Thus, you are saved by grace alone, through faith alone, in Jesus Christ alone. And, this is true freedom. Nothing is required of you. It is all grace, all gift, free and without strings or condition. Therefore, you are free to love and to serve your brother. Therefore, you must love and serve your brother, for the love and mercy, grace and forgiveness of Jesus has been given to you and fills you and flows through you. Loving and serving your neighbor should not even be something you have to think about, but it should be natural, flowing from you and through you because you are filled with more love and mercy, grace and compassion than you can possibly contain. But, there is a great temptation to be greedy and selfish, to be only self-interested and not selfless and sacrificial, because the deceiver deceives you into believing that the Lord is not coming, at least not soon, and that this life and its pleasures and pursuits is all there is. Don’t you believe it! It is a lie, and you know it! St. Peter warns you that scoffers will come in the Last Days with scoffing. They will say, “Where is the promise of His coming? Things only continue on as they have before.” And, you know that this is true. But, “The Lord is not slow to fulfill His promise as some count slowness, but is patient toward you, not wishing that any should perish, but that all should reach repentance.” Likewise you must be patient with your brother and your neighbor. “But the day of the Lord will come like a thief, and then the heavens will pass away with a roar, and the heavenly bodies will be burned up and dissolved, and the earth and the works that are done on it will be exposed.”
What “will be exposed” are your works.

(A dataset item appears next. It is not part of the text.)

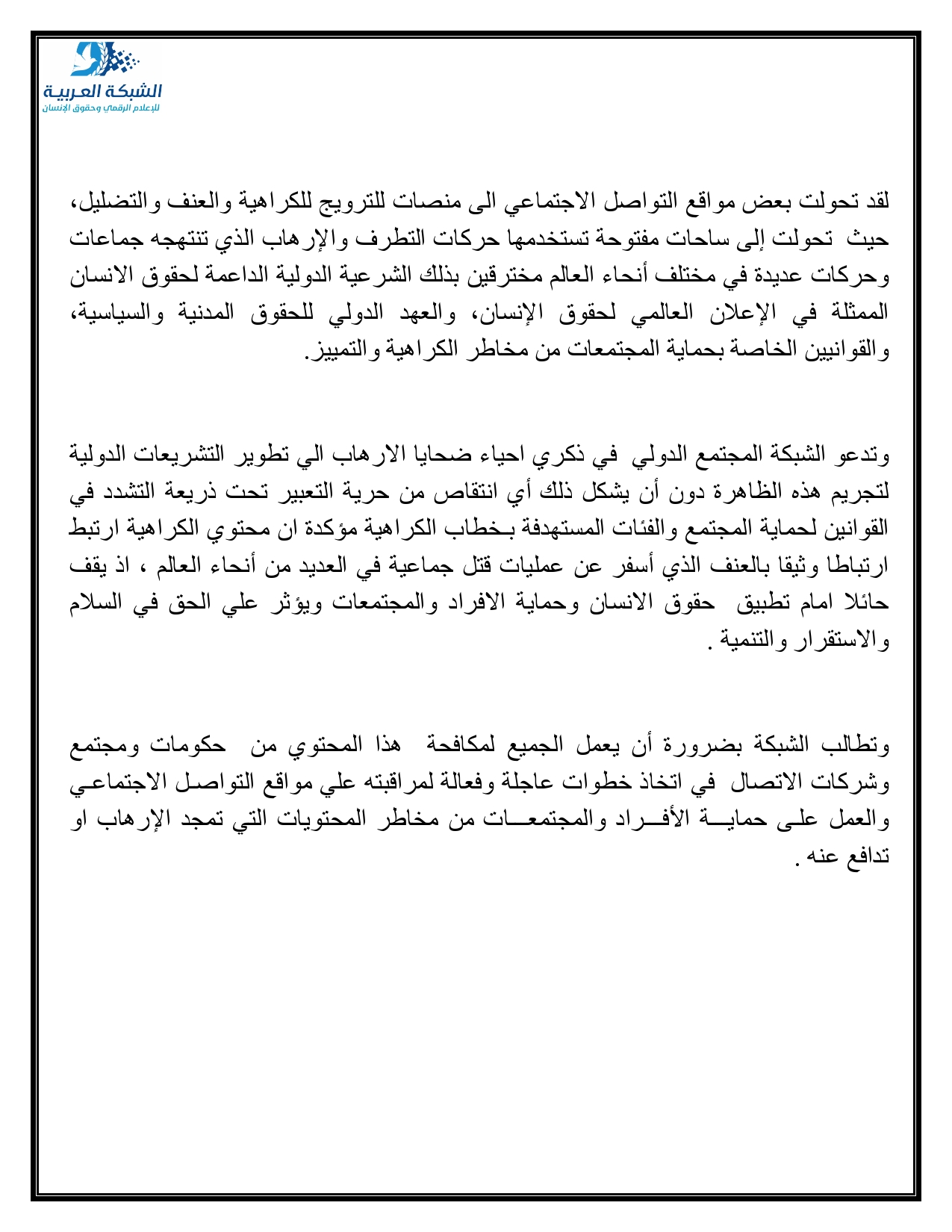 وتطالب الشبكة بضرورة أن يعمل الجميع لمكافحة هذا المحتوي من حكومات ومجتمع وشركات الاتصال في اتخاذ خطوات عاجلة وفعالة لمراقبته علي مواقع التواصـل الاجتماعـي

But, you need not fear that embarrassment anymore than you should put your trust in your works, for your works are not meritorious, but they are the fruit of your faith in Jesus. Your works are, in fact, the work of the Lord performed through you. For, you are a branch grafted into the True Vine Jesus, and it is His lifeblood that flows through you to make you fruitful with His fruits, the fruits of faith which are all good in the eyes of the LORD. And, because your works are the fruit of the True Vine Jesus borne in you and through you, oftentimes you are not even aware that you are performing and bearing them, no more than an apple tree is aware that it is producing apples. It is simply what you do because you are a branch of the True Vine Jesus, because you are a Christian. That is why those on the right, the sheep, in Jesus’ prophetic parable do not recall feeding their hungry Lord or giving Him drink. They do not remember welcoming Him, clothing Him, or visiting Him. Yet the Lord replies that, whenever they did these things to the least of His brothers they did it to Him.
The point is that, when the Lord returns in glory on the Last Day to judge the sheep and the goats, they, we, are already sheep and goats. This is easily discernable to the Lord, though it is difficult for us to discern. The Lord will know His sheep by their works of love, mercy, compassion, and forgiveness – sheep do sheepy things. However, the sheep are simply being sheep, doing what sheep do. Therefore, they are surprised when the Lord praises them and rewards them for simply being sheep. This is how it is for those in Christ: Doing good works, loving and serving your neighbor, forgiving and bearing with and enduring one another – this is simply what you do, without thinking of it, without counting the cost, without resentment or sense of loss. For, there truly is nothing to lose, for this world and life are passing away and are “stored up for fire, being kept until the day of judgment and destruction of the ungodly.” Just keep doing sheepy things, all the while being cared for and protected, fed and nourished and equipped by your Good Shepherd in the pasture of His Church.
The LORD sees you and He knows you. He sees and knows your works and your fruit. He sees and knows your faith and your trust in Jesus that make you fruitful. It is your faith that He sees and knows, which His Holy Spirit created in you and sustains even still, but the LORD did not predestine, call, choose, and elect you in view of your faith, but, rather, you have faith because you are predestined, called, chosen, and elect in the LORD’s Elect One Jesus Christ. For, once you were a goat, but the LORD has called you to be a sheep. And, the LORD’s sheep do sheepy things. They are meek and humble, they are selfless and sacrificial, they are gracious and merciful, just like their Shepherd. And, they are cared for and nourished, strengthened and protected in the goodly pastures of Christ’s Church, in which they are washed clean in holy water and His precious blood, are fed, nourished, and strengthened by His holy Word and body, and are equipped and sent by His Holy Spirit to be His hands and His heart, His mouth and His voice inthe world, but not ofthe world. Indeed, you have been predestined, called, chosen, and elect to dwell in His kingdom now, and to inherit it in Jesus Christ as an heir when the King comes in power and great glory on the Last Day. Come, Lord Jesus. Come quickly. Come.
In the + Name of Jesus. Amen.

Sunday, November 11, 2018

Third-Last Sunday of the Church Year (Trinity 25)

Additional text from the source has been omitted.